Integrating external-prior data to analyze Slice 151507. This part will show you how to utilize the remaining slices in DLPFC dataset to construct pseudo-bulk external-prior matrix for latent feature extraction and spatial clustering on Slice 151507 of DLPFC datasets.

[1]:

import past
import os
import scanpy as sc
import warnings
import torch
import numpy as np
import pandas as pd

[2]:

warnings.filterwarnings("ignore")
sc.set_figure_params(dpi=80, figsize=(3,3), facecolor="white")
os.environ["R_HOME"] = "/home/lizhen/anaconda3/envs/scTECH-R/lib/R"
device = torch.device("cuda") if torch.cuda.is_available() else torch.device("cpu")

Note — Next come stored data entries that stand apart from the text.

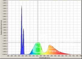 接下来聊聊另一个技术奥秘。混合后的白色光,在进入DMD之前,还要通过一块滤色片,作用是将颜色校正到符合DCI放映的标准。如下图所示,未经过滤色片的光谱,中间含有很大成分的黄色,这样的分布是不能满足DCI电影放映色彩标准的。而滤色片的作用,就是将这部分颜色过滤掉,使得红绿蓝三色以最佳的比例混合出白光,将校色后的白点坐标(x,y)精准的落在(0.314,0.351)的允许误差范围之内。而这块滤色片,全名被称之为Yellow Notch Filter(黄色限波滤波器),意义就很明白了。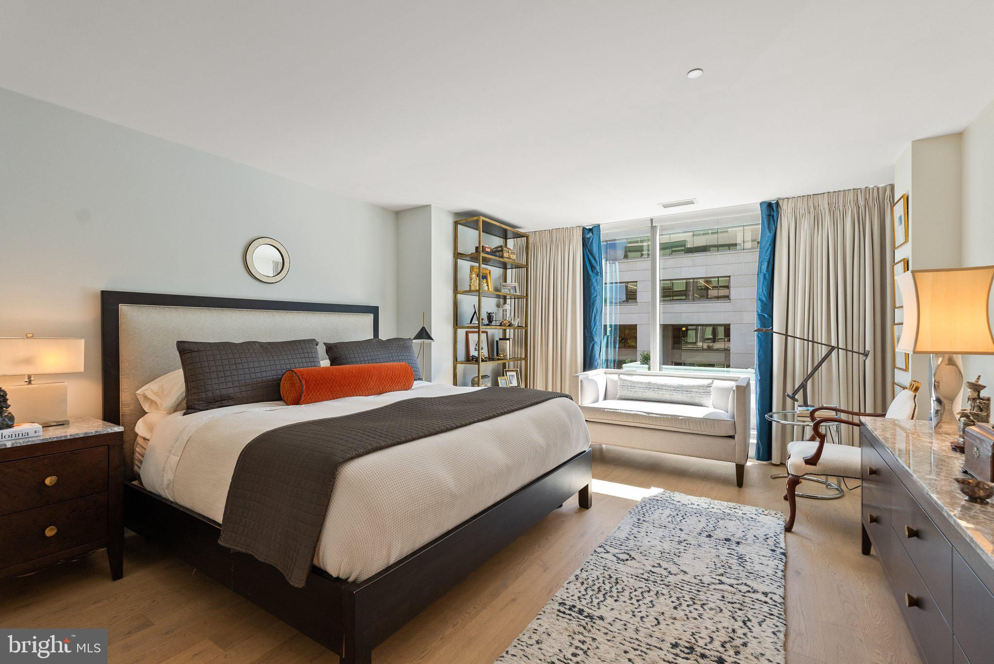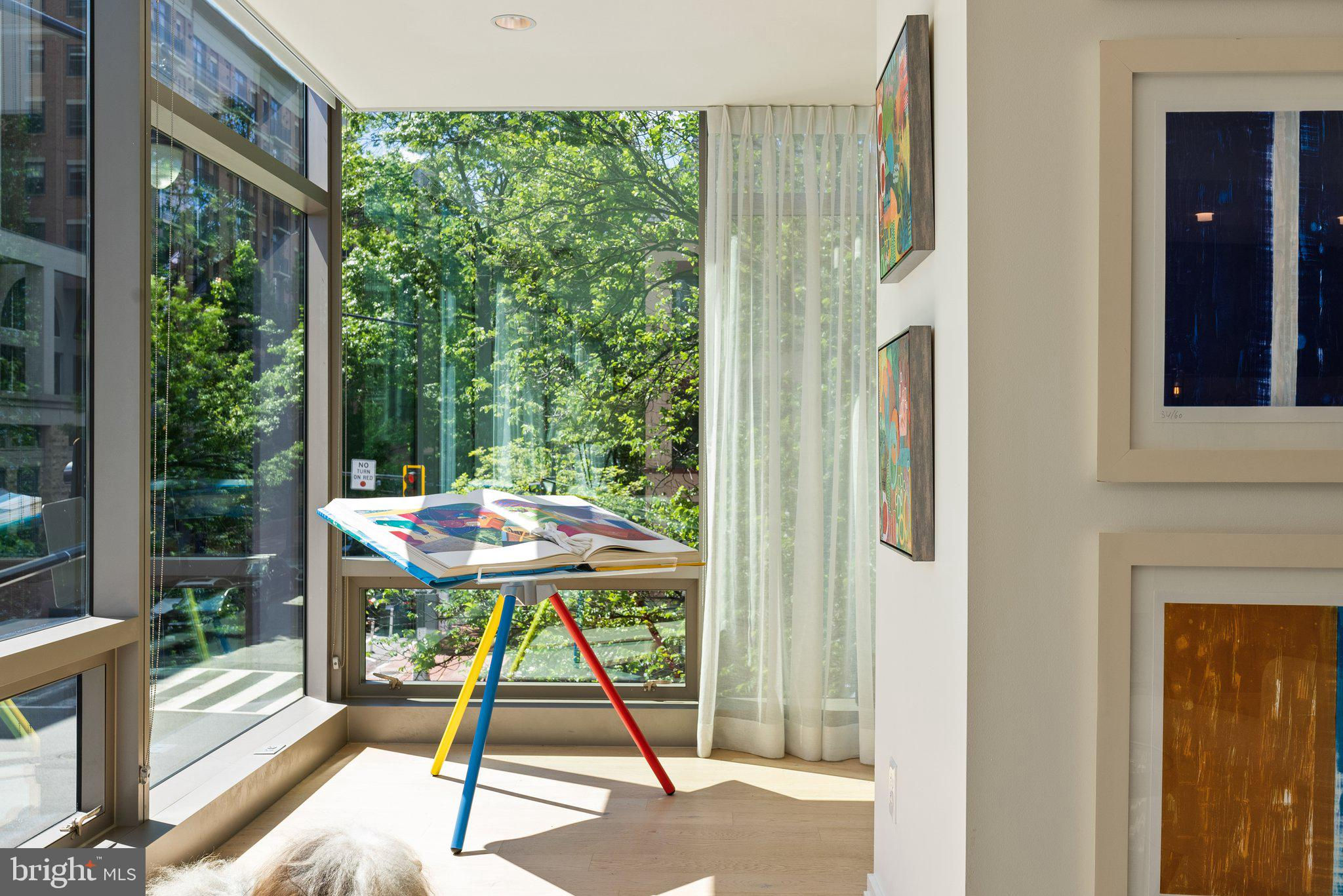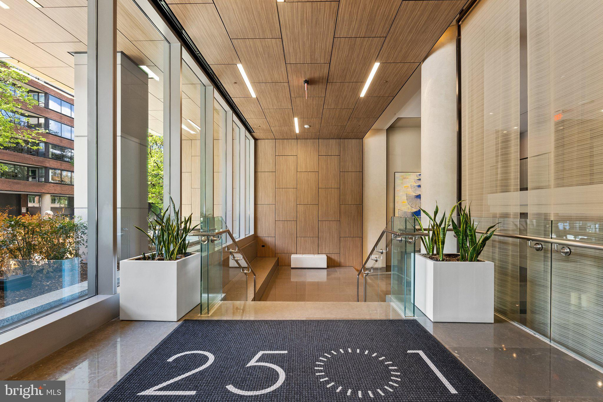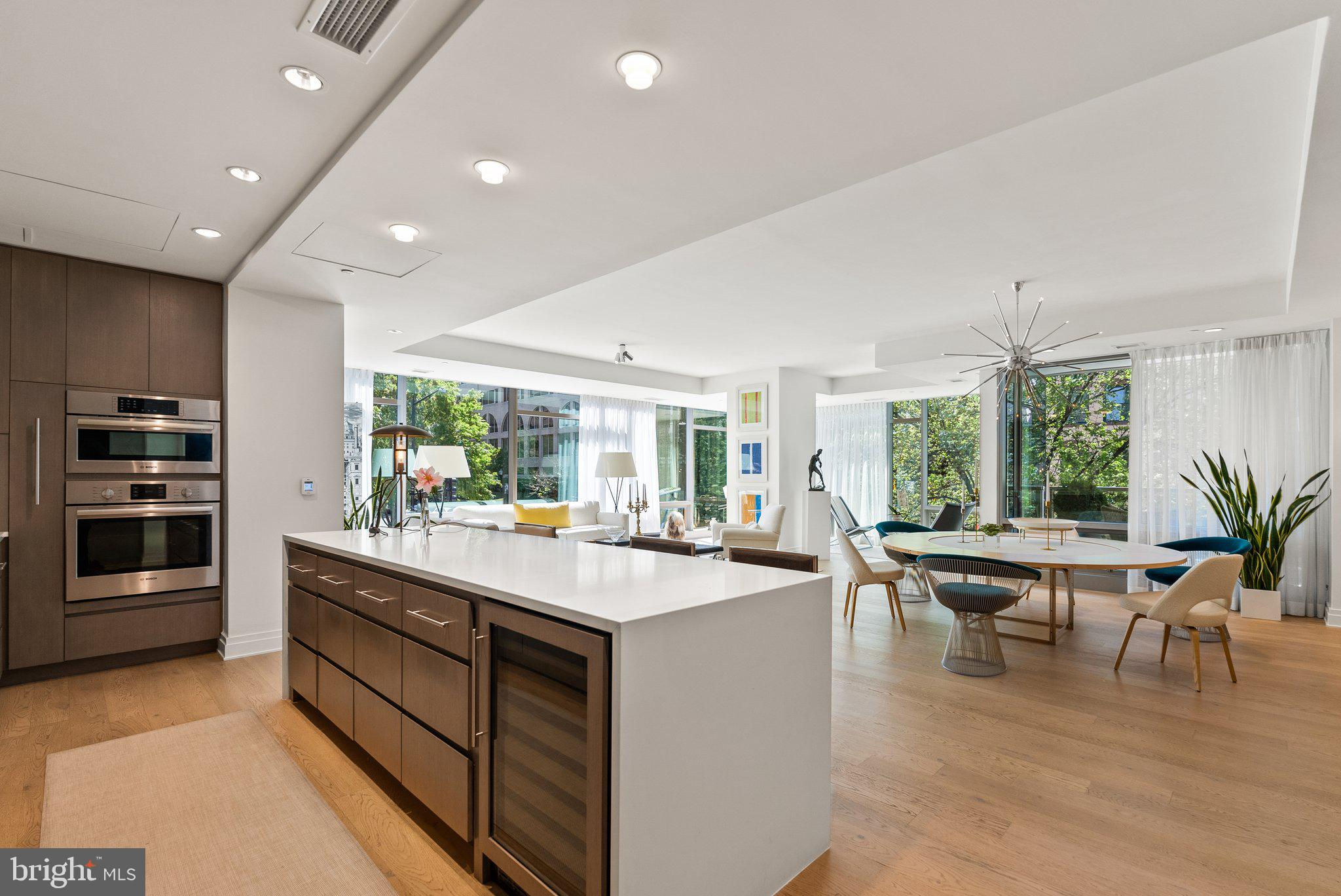 One-of-kind unit, with TWO BEDROOMS + DEN, this is one of the city’s most desirable and discerning addresses for fine urban living. Unit 203 profiled in Southern Living Magazine is rare offering: an airy, expansive 2,200+ square foot residence where form meets function in a harmonious blend of clean modernism and timeless materials. The home delivers a masterful level of design intention, featuring bespoke upgrades that speak to both architectural sophistication and everyday comfort. As you enter, you're greeted into a gracious foyer and then you step into the breathtaking, light-filled interior. Floor-to-ceiling windows along multiple exposures floods the open-concept living spaces with natural light, offering uninterrupted views of mature foliage and an elegant transition to the private balcony — a serene perch, the ideal place to enjoy morning coffee. The spatial layout is fluid and intuitive featuring wide plank white oak flooring and bespoke lighting -- anchored by a gourmet kitchen that serves as both a culinary workspace and a visual focal point. Outfitted with sleek cabinetry including a custom-crafted pantry, premium stainless steel appliances (Bosch and Thermador), natural countertops and a waterfall island with seating for three or more, the kitchen is open to the living and dining zones, each defined by expansive sight lines. The foyer area rounds out with a walk-in coat closet and a chic and whimsical wallpapered powder room for guests. The spacious primary suite is a serene, private retreat conceived for ease and indulgence -- easily accommodating a king sized bed and multiple furniture layouts. The expansive window features custom tailored black-out draperies. The white and crisp ensuite bath delivers a double vanity, finely crafted porcelain tile work, an oversized shower with European fittings, and a secluded water closet. Down the hall, the light-filled second bedroom adapts easily to varying needs, whether as a guest room, library or studio. The en suite full bath, thoughtfully designed with a tub/shower configuration, delivers comfort for both residents and guests. Down the hall is the custom-designed den -- a jewel box featuring an artisan glass partition and door and a signature chandelier -- an ideal space for cozy movie nights in. This singular residence is further enhanced by two dedicated parking spaces and in-unit, full-sized laundry with energy efficient front loading machines. Residents benefit from an extensive suite of outstanding building amenities including The Cove a stylish community room with a wet bar and meeting rooms, a state of the art fitness center with access to a trainer, yoga studio, 24-7 desk attendant, concierge services, and a beautifully landscaped rooftop terrace offering panoramic views across the city skyline. Located just steps from the vibrant heart of the city — with Georgetown, Rock Creek Park, Michelin-starred dining, boutique shopping, and Metro access all within walking distance — 2501 M is not simply a residence, but a refined living destination in one of Washington’s most coveted boutique condo buildings. Welcome Home!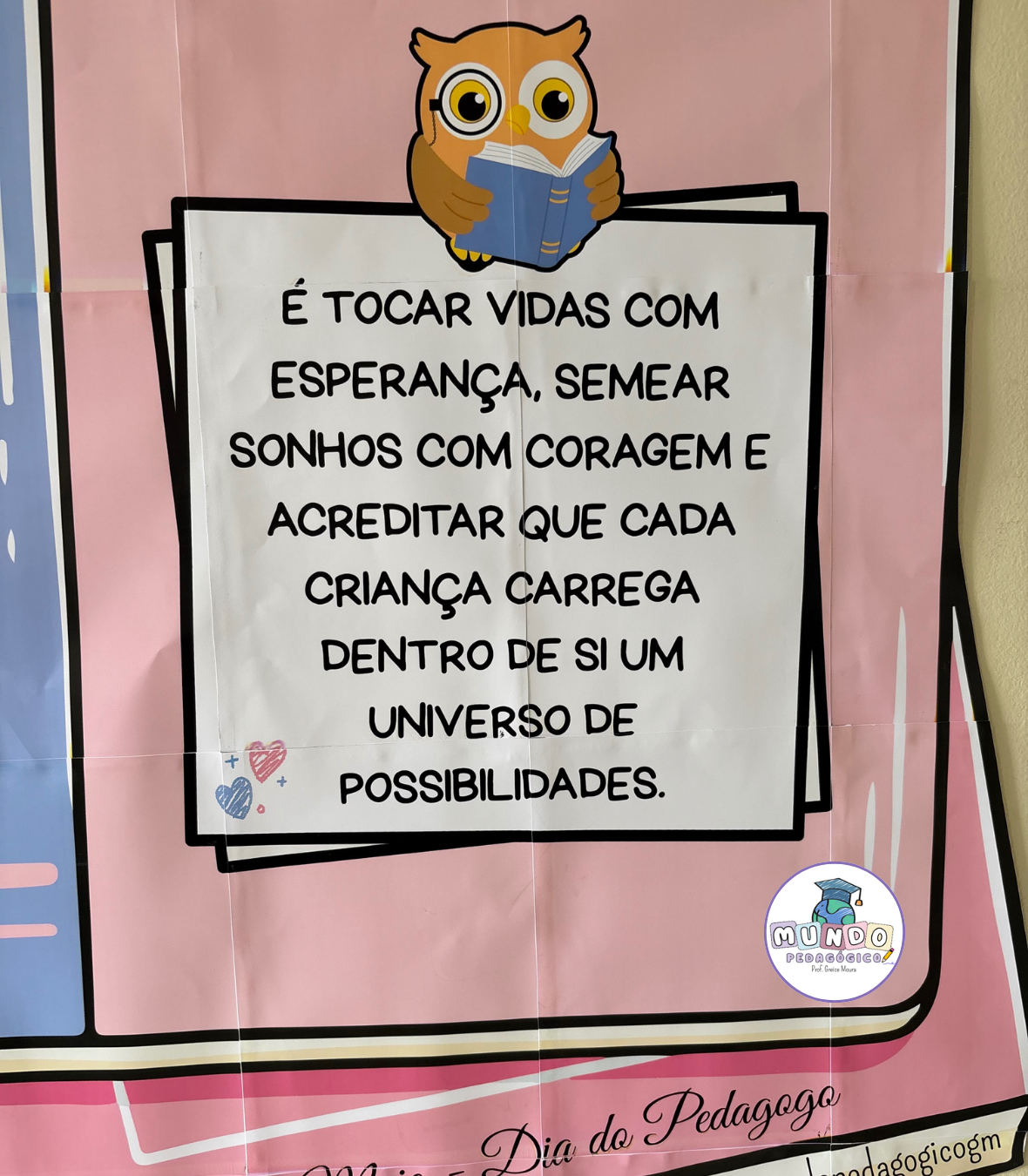Celebre com este lindo painel a dedicação, a sensibilidade e a paixão de quem escolheu transformar vidas por meio da educação. O pedagogo é aquele que ensina com o coração, acolhe com empatia e planta as sementes do conhecimento em cada criança, jovem ou adulto. 🥰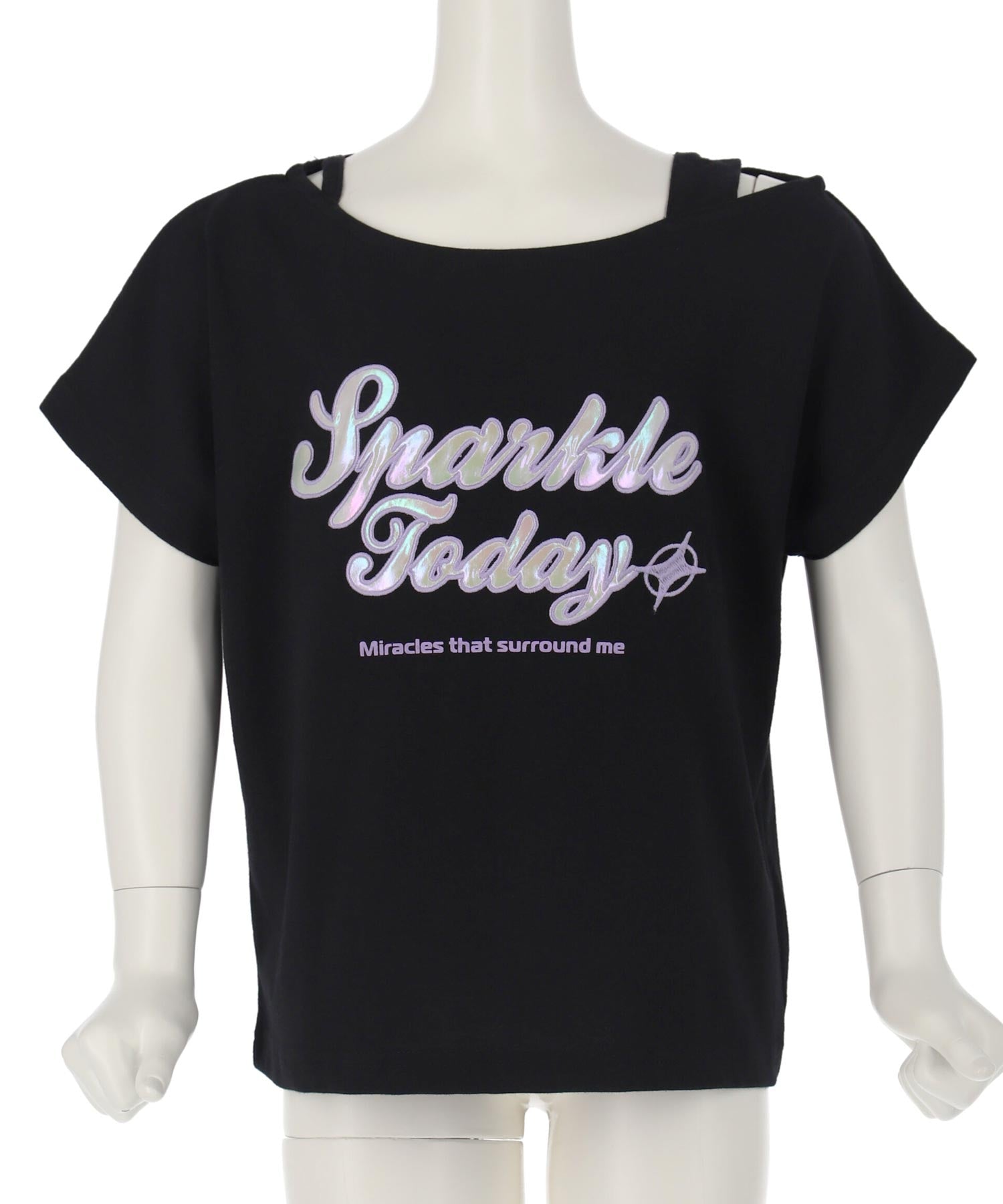 アシンメトリー 肩アキ オーロラ ワッペン Tシャツ トップス 【ジュニアお揃い】 423-3397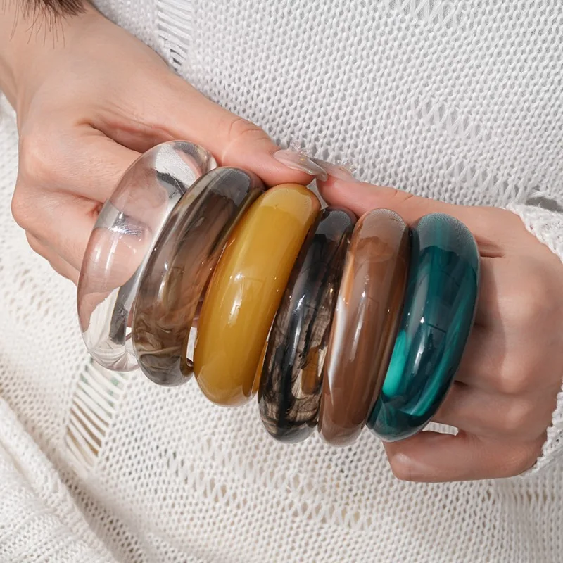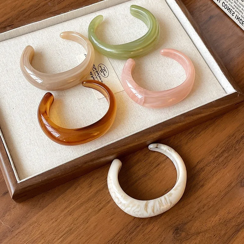 Smooth Round Acrylic Cuff Bangles for Women Vintage Exaggerated Jelly Color Smudging Bangle Wide Resin Bracelet Accessories M1

The data used in this tutorial is available at TsinghuaCloudDisk.

[4]:

## DLPFC DATASET
os.chdir("/home/lizhen/code/PAST/Data")
DLPFC = sc.read_h5ad(filename="10x_DLPFC.h5ad")
DLPFC.var_names_make_unique()

DLPFC = DLPFC[DLPFC.obs["ManualAnnotation"].astype(str)!="nan", :]
DLPFC_151507 = DLPFC[DLPFC.obs["sample_id"]=="151507", :]
DLPFC_151507

[4]:

View of AnnData object with n_obs × n_vars = 4221 × 33538
    obs: 'in_tissue', 'array_row', 'array_col', 'sample_id', 'ManualAnnotation'
    var: 'source', 'type', 'gene_id', 'gene_version', 'gene_name'
    uns: 'spatial'
    obsm: 'spatial'

[5]:

adata = DLPFC_151507.copy()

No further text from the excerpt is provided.